Les tentations existent en France, comme l’a montré le débat relancé par l’affaire Flavie Flament sur les crimes sexuels. Ces crimes bénéficient déjà d’une exception, puisque le délai de prescription est de vingt ans à partir de la majorité de la victime. Comme pour les crimes de guerre, nous aurions pu aller plus loin dans ce domaine. Mais il fallait trouver un consensus. L’article 1er dispose que l’action publique se prescrit par vingt ans pour les crimes, par six ans pour les délits et par un an pour les contraventions. Des exceptions restent prévues, comme en matière de terrorisme où la prescription sera de trente ans. Face à la complexité et à la gravité des nouvelles menaces pesant sur notre pays, il se justifie pleinement d’allonger le délai de prescription par rapport au délai de droit commun.
Finalement, seuls les crimes contre l’humanité demeurent imprescriptibles. Certains le regrettent, mais à un moment où le besoin de punir est important, il fallait tenir sur les principes, comme vous le rappeliez, cher Alain Tourret. Faire croire à la victime qu’elle ne pourra faire son deuil qu’en saisissant la justice est une profonde erreur.

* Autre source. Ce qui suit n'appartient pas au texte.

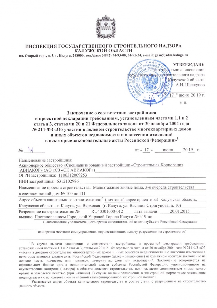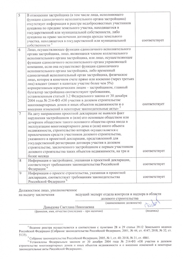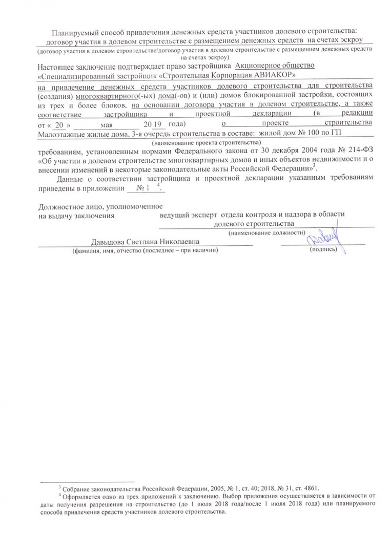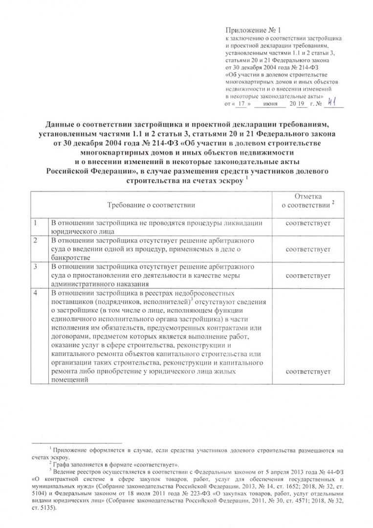 Заключение о соответствии застройщика и проектной декларации требованиям ФЗ от 30.12.2004 № 214-ФЗ, 100 дом по ГП

Reste la question de l’engorgement des tribunaux : doubler les délais de prescription augmente le nombre d’affaires portées devant la justice. La charge de travail induite nécessiterait des moyens supplémentaires importants : la loi de finances pour 2017 les prévoit-elle, monsieur le ministre ? L’application des peines est souvent jugée trop lente par les victimes, comme par les accusés, et je pense à Jean de la Fontaine, natif de Château-Thierry qui, dans sa fable Conseil tenu par les rats, soulignait ce sentiment que la justice souvent se dérobe.
Je ne m’étendrai pas sur la prescription des peines définie aux articles 2 et 3. L’article 4, quant à lui, précise que cette loi ne s’appliquera qu’aux infractions découvertes après sa promulgation.
Ce texte est bienvenu car l’enchevêtrement des conditions et des règles dérogatoires en matière de prescription était, de l’avis de nombreux experts, de nature à affecter la sécurité juridique, en même temps qu’il contrevenait à la double exigence d’accessibilité du droit et de confiance légitime, constitutionnellement ou conventionnellement protégées.
Pour toutes ces raisons, vous l’aurez compris, le groupe radical, républicain, démocrate et progressiste votera ce texte que nous examinons aujourd’hui dans la version adoptée par notre Assemblée le 12 janvier dernier.